Uskup Grasselli: Pengalaman Misi Bantu Kita Rasakan Penyelenggaraan Ilahi
Oleh Debora Donnini – Porto San Giorgio
Suasana penuh sukacita dan antusiasme terasa di “Tenda Pertemuan” (Tent of Gathering) di Porto San Giorgio, tempat sekitar 800 imam berkumpul untuk mengikuti retret yang diselenggarakan oleh Jalan Neokatekumenal.
Sebagian besar peserta merupakan imam yang dibentuk di 37 seminari misioner diosesan Redemptoris Mater yang tersebar di Amerika Utara, Amerika Tengah, dan Amerika Selatan, mulai dari Vancouver di Kanada hingga Kota Meksiko, serta Belém di Brasil yang memiliki misi khusus dalam evangelisasi wilayah Amazon.
Pada Jumat malam, 19 Juni, para imam dijadwalkan menghadiri pertunjukan karya simfoni ciptaan Kiko Argüello di lapangan depan Basilika Rumah Kudus Loreto (Basilica of the Holy House of Loreto).
Selanjutnya, mulai Sabtu, mereka akan berangkat berpasangan untuk menjalani pengalaman misioner selama empat hari di berbagai wilayah Italia.

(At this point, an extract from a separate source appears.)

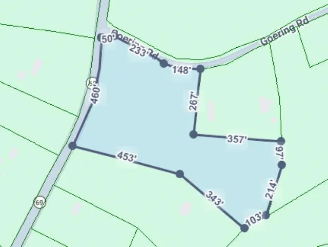 Owner financing terms: 20% down, interest 1% lower than the going rate. Over an agreed-upon time period. Lot has a good building spot, located at the corner of Hwy 69 and Goering Rd

Dalam misi tersebut, mereka akan mewartakan Injil tanpa membawa uang, sebagai bentuk kepercayaan penuh kepada penyelenggaraan Allah.
Pengalaman Iman yang Mendalam
Rektor Seminari Redemptoris Mater Newark, Monsinyur Renato Grasselli, mengatakan bahwa kegiatan misioner tersebut merupakan pengalaman iman yang sangat penting dan telah dijalani oleh banyak imam sejak masa pembentukan mereka di seminari.
Menurutnya, hingga saat ini sebanyak 130 imam yang dibentuk di Seminari Newark telah ditahbiskan.
Dari jumlah tersebut, sekitar 45 persen menjalankan tugas misioner di berbagai wilayah Amerika Serikat maupun negara-negara lain di dunia. Sementara itu, sisanya melayani dalam karya pastoral di keuskupan agung masing-masing.
Mgr Grasselli juga mengungkapkan kegembiraannya karena para imam dari kawasan Amerika yang mengikuti kegiatan ini dijadwalkan menghadiri Audiensi Umum Paus pada Rabu mendatang setelah menyelesaikan tugas evangelisasi mereka.
Menemukan Penyelenggaraan Allah
Merefleksikan makna kegiatan tersebut, Mgr Grasselli menggambarkan pengalaman misioner itu sebagai perjumpaan nyata dengan Penyelenggaraan Ilahi.
Menurutnya, ketika para imam berangkat tanpa membawa bekal materi dan hanya mengandalkan iman, mereka dapat mengalami secara konkret bagaimana Allah menyertai dan menopang orang-orang yang menaruh kepercayaan penuh kepada-Nya dalam pewartaan Injil.
Ia menegaskan bahwa pengalaman tersebut membantu para imam menyadari bahwa Allah senantiasa hadir dan bekerja melalui berbagai cara yang sering kali tidak terduga, terutama ketika seseorang melangkah dalam iman dan menyerahkan diri sepenuhnya kepada kehendak-Nya.